We need to find which term it is (n)
So here we will find the value of n using the formula, a_n = a + (n - 1)d
(i) Here, A.P is 3, 8, 13, ...
a_n = 248
a = 3
Now,
Common difference (d) = a₁ - a
= 8 - 3
= 5
Thus, using the above mentioned formula 
a_n = a + (n - 1)d
248 = 3 + (n - 1)5
248 - 3 = 5n - 5
245 + 5  = 5n
n = 250/5
n = 50
Thus, n = 50
Therefore 248 is the 50^th term of the given A.P.
(ii) Here, A.P is 84, 80, 76,...
a_n = 0
a = 84
Now,
Common difference (d) = a₁ - a
= 80 - 84
= -4
Thus, using the above mentioned formula
a_n = a + (n - 1)d
0 = 84 + (n - 1)(-4)
0 = 84 - 4n + 4
0 = 88 - 4n
4n = 88
On further simplifying, we get,
n = 88/4
n = 22
Thus, n = 22
Therefore 84 is the 22^nd term of the given A.P.
(iii) Here, A.P is 4, 9, 14, ...
a_n = 254
a = 4
Now,
Common difference (d) = a₁ - a
= 9 - 4
= 5
Thus, using the above mentioned formula
a_n = a + (n - 1)d
254 = 4 + (n - 1)5
254 - 4 = 5n - 5
250 + 5 = 5n
n = 255/5
n = 51
Thus, n = 51
Therefore 254 is the 51^st term of the given A.P.

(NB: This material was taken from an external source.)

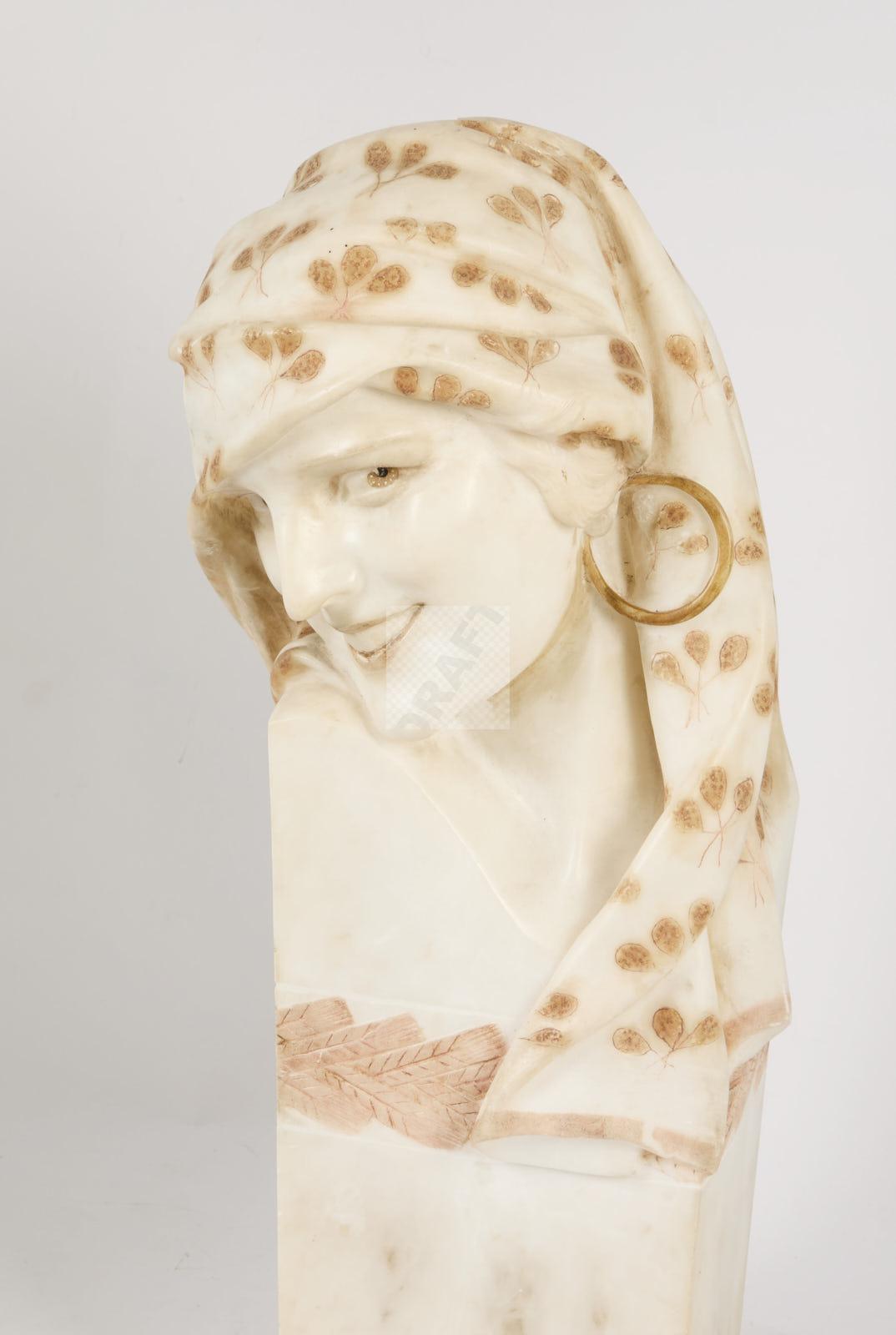 Lot n°120 - 120 Guisto VITI (XIX-XX) Jeune fille au fichu Sculpture en albatre

(iv) Here, A.P is 21, 42, 63, 84, ...
a_n = 420
a = 21
Now,
Common difference (d) = a₁ - a
= 42 - 21
= 21
Thus, using the above mentioned formula
a_n = a + (n - 1)d
420 = 21 + (n - 1)21
420 - 21 = 21n - 21
399 + 21 = 21n
n = 420/21
n = 20
Thus, n = 20
Therefore 420 is the 20^th term of the given A.P .
(v) Here, A.P is 121, 117, 113, ...
We need to find first negative term of the A.P.
a = 121
Now,
Common difference (d) = a₁ - a
= 117 - 121 = -4
Now, we need to find the first negative term,
a_n < 0
121 + (n - 1)(-4) < 0
121 - 4n + 4 < 0
125 - 4n < 0
4n > 125
Further simplifying, we get,
n > 125/4
n > 31(1/4)
n ≥ 32 (as n is a natural number)
Thus, n = 32
Therefore, the first negative term is the 32^nd term of the given A.P.
(vi)  –7, –12, –17, –22,...
Given:
Given:
a = −7
d = −12 − (−7)  
= −12 + 7 = −5
a_n = −82
Now,
a_n = a + (n − 1)d
⇒ −82 = −7 + (n − 1)(−5)
⇒ −82 = −7 − 5n + 5
⇒ −82 = −2 − 5n
⇒ −82 + 2 = −5n
⇒ −80 = −5n
⇒ n = −80/−5
⇒ n = 16
Hence, 16^th term of the A.P. is −82.
If a_n = −100
a_n = a + (n − 1)d
⇒ −100 = −7 + (n − 1)(−5)
⇒ −100 = −7 − 5n + 5
⇒ −100 = −2 − 5n
⇒ −100 + 2 = −5n
⇒ −98 = −5n
⇒ n = -98/-5
⇒ n =19.6 which is not possible since n is a natural number.
Hence, −100 is not the term of this A.P.